Otomobil İstanbul hiç bu kadar çaresiz olmamıştı...

İstanbul hiç bu kadar çaresiz olmamıştı...

04.10.2006 - 00:00 | Son Güncellenme:

OTOMOBİL PROFESÖRÜ : Hakan Çelik

İstanbul hiç bu kadar çaresiz olmamıştı...
Türkiye'de ekonominin ve kültür-sosyal yaşamının kalbi İstanbul'da atıyor. Buradaki ekonomik faaliyetlerin büyümesi, dolaylı olarak Türkiye'nin de zenginleşmesi demek.

Ben İstanbul'un bugünkü ulaşım altyapısı ve belediyecilik seviyesiyle ne kendisine, ne de ülkeye daha fazla bir faydası olacağını sanmıyorum. Ekonominin gelişmesi ve büyümesi için insanların hareket edebilmelerine ihtiyaç var, ki bugünkü koşullarda artık mümkün olamıyor.

Haberin Devamı
İstanbul'da hergün bir milyona yakın araç, iki yaka arasında gidip geliyor. Yani köprüleri kullanıyor. Bu araçların köprülere bıraktıkları gelirin ötesinde, yoğun trafikte harcadıkları yakıtın değeri yüz milyonlarca doları buluyor. Dünyada yakıtı ve zamanı bizdeki kadar kolay havaya saçan başka bir millet daha yok!

İki yaka arasında rasyonel olarak tanımlanabilecek bir ulaşım biçimi bulunmadığı için, insanlar araçlarını kullanmaya mahkum oluyor. Giderek artan sayıdaki ağır vasıta sayısını da düşününce, karayolları gerçek anlamda bir cehenneme dönüşüyor.

Bir yakadan diğerine geçmek, yoğun saatlerde 1.5-2 saati buluyor. İstanbul-Münih uçuşunun 2 saat olduğu düşünülecek olursa, İstanbulluların ne kadar talihsiz bir durumla karşı karşıya olduğu daha iyi anlaşılır.
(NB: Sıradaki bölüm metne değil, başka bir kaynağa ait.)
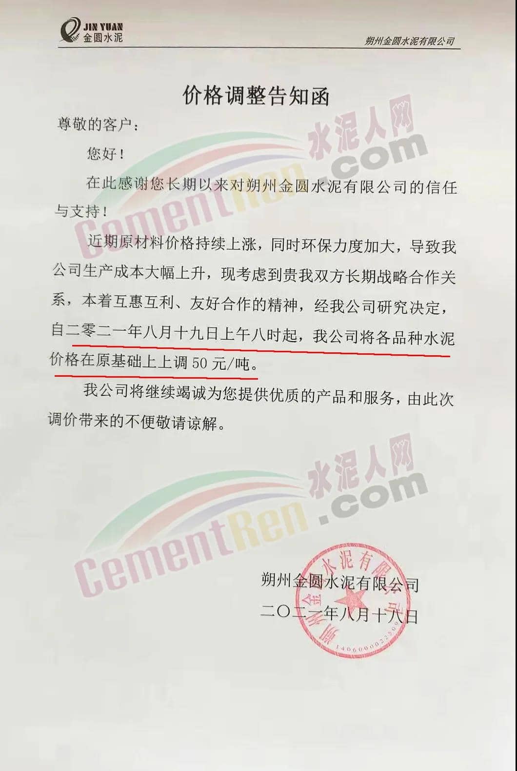 朔州金圓水泥有限公司通知近期原材料價(jià)格持續(xù)上漲,同時(shí)環(huán)保力度加大,導(dǎo)致公司生產(chǎn)成本大幅上升,經(jīng)公司研究決定,自2021年8月19日上午8時(shí)起,將各品種水泥價(jià)格在原基礎(chǔ)上上調(diào)50元/噸。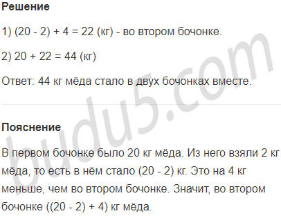 Задание № 6. В первом бочонке было 20 кг мёда. После того как Винни-Пух взял из него 2 кг мёда, в нём осталось на 4 кг меньше, чем во втором бочонке. Сколько мёда стало в двух бочонках вместе?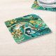 Turquoise, Gold, Marble Fluid Art Square Paper Coaster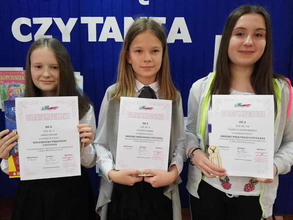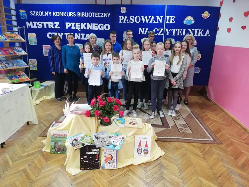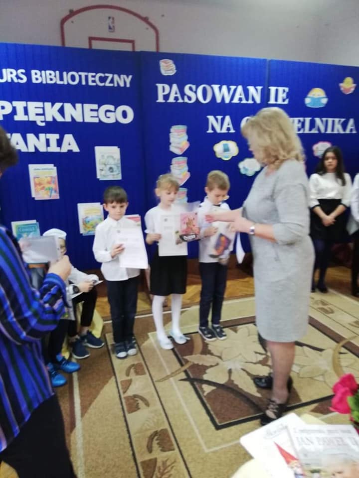 Pasowanie pierwszoklasistow na czytelnika połączone ze szkolnym konkursem "Mistrz Pięknego Czytania" to wydarzenia upływającego tygodnia. Uczniowie pierwszej klasy zostali uroczyście zapisani do biblioteki szkolnej. Są już prawdziwymi przyjaciółmi książki. Pierwszaki otrzymały upominki i gratulacje oraz kilka rad właściwego korzystania z książek. Uroczystości towarzyszył konkurs, w którym wyłoniono Mistrza, a nawet dwóch, a właściwie dwie Mistrzynie i Wicemistrzynie Pięknego Czytania. W konkursie udział wzięło 12 uczestników, którzy zaprezentowali fragment przez siebie wybranego tekstu. Komisja składająca się z nauczycieli i przedstawicieli samorządu uczniowskiego wnikliwie oceniała uczestników konkursu. Tytuł Mistrza Pięknego Czytania zdobyły: Zuzanna Olber i Patrycja Sedrowska. Wicemistrzem została Emilia Szlaga. Wszyscy uczestnicy otrzymali pamiątkowe dyplomy. Gratulujemy zwycięzcom i dziękujemy za udział.

Üstelik buna karşılık, öne sürülebilecek hiçbir alternatif yok. Metro yok, tren yok, tercihli bir yolu kullanabilecek otobüsler yok!

Özellikle Avrupa ülkelerinde bisiklet ve motosiklet önemli bir ulaşım alternatifi oluştururken, Türkiye'de bu da mümkün olamıyor. Bu kadar çarpık ve düzensiz bir trafik akışı içinde bisiklet ve motosiklet kullanmak cesaret ister.

İstanbul'da 2.6 milyon motorlu araç trafiğe kayıtlı. Buna karşılık sadece 145 bin araç kapasiteli otopark sahası var. Otopark mevzuatları keyfi olarak uygulandığı için yeni konut alanlarında bile araçları park edecek yeterli yer bulunmuyor. Bunun sonucunda dünyanın en büyük otopark rantı İstanbul'da oluşuyor.

İstanbul'da hem trafik sorununu hafifletecek, hem de daha az aracın trafiğe katılımını sağlayacak çözümlere ihtiyaç var. Birçok kişiye ters gelebilir, ama otopark vergisi ve köprü geçişlerine zam uygulamasının bu yönde atılabilecek adımlar olduğunu düşünüyorum.

Neredeyse her kavşakta plansız ve programsız bir yol çalışması uygulayan belediyenin trafik sorununun çözümü konusunda daha akılcı öneriler getirebileceğinden de pek emin değilim. Kasım ayında İstanbul’da düzenlenecek olan uluslararası otomobil fuarında, trafik sorununun çözümü konusunda yaratıcı öneriler getirecek otomobil firmalarının büyük ilgi göreceğinden eminim. Zira artık İstanbullular kaliteli, ekonomik ve güzel tasarlanmış otomobillerin yanı sıra, yaşamlarını kolaylaştıracak ulaşım fikirlerine ihtiyaç duyuyor.